Before we even got started on our road trip things seemed to be going wrong. Walking around the car to put some things in the trunk, I stepped on some exposed tree roots and threw my hip out of alignment, instantaneously. My back went into a painful spasm. How am I supposed to sit in a car for 4 hours now?


My husband, David and I were embarking upon one of our epic summer road trips. Who loves a road trip? ✋


I took a moment, stretched, and the pain abated. It was a lovely ride. Good music, and even better conversation. When we arrived at our first destination for butterfly photography, we hiked for a few hours. The scent of pine, cedar and fir trees energized me like a healing tonic. My hip injury seemed to disappear. It was a beautiful day. Finally we arrived at the hotel. However, our room was double booked. (I guess this happens sometimes when folks book with Expedia? Be mindful.)
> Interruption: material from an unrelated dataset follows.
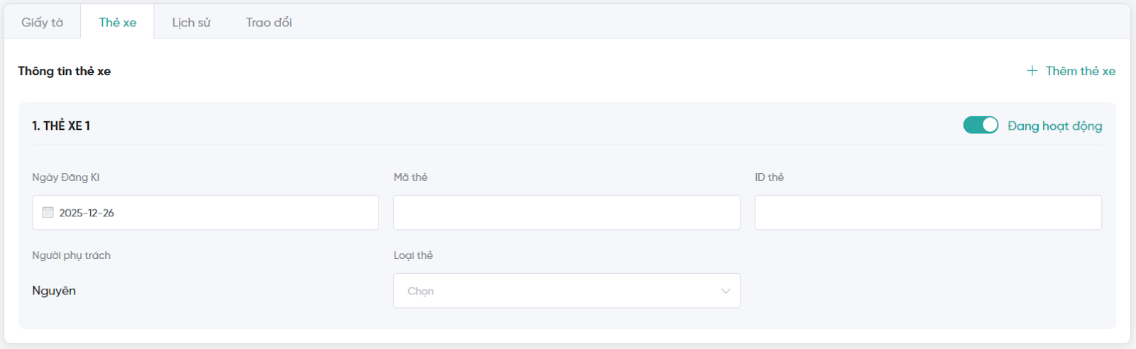 - Thẻ xe: Thêm, sửa, bật/tắt thẻ xe của phương tiện (trạng thái hoạt động và các thông tin liên quan theo cấu hình dự án).

Anyhow, upon noticing the error, the friendly hotel staff upgraded our room. Hurray! But then we realized that the very clean upgrade had no toilet paper nor washcloths. (I understand some people don’t use washcloths but that’s a whole other blog.) Also, the deadbolt on the front door didn’t work and several blinds were missing from our front window in the living room. Yes, living room, we were upgraded to an entire apartment! We shared what was lacking with the staff and surprisingly, they had no washcloths and had to run to the store for toilet paper. No, the deadbolt would not be fixed during our stay. But gratefully, there was a chain on the door and an old skool lock in the doorknob. We were set for security.


That afternoon we received a call saying that the manager would “have to go home to get washcloths from his linen closet”. Needless to say, it was a small town with very nice people.


Later that night, the folks in the apartment next to us got into an argument that lasted most of the night. We decided not to go into a dark place about this particular moment, and instead raised the volume on our music to drown out the arguing. And frankly, we had our toilet paper and washcloths, so we were giving thanks for our blessings.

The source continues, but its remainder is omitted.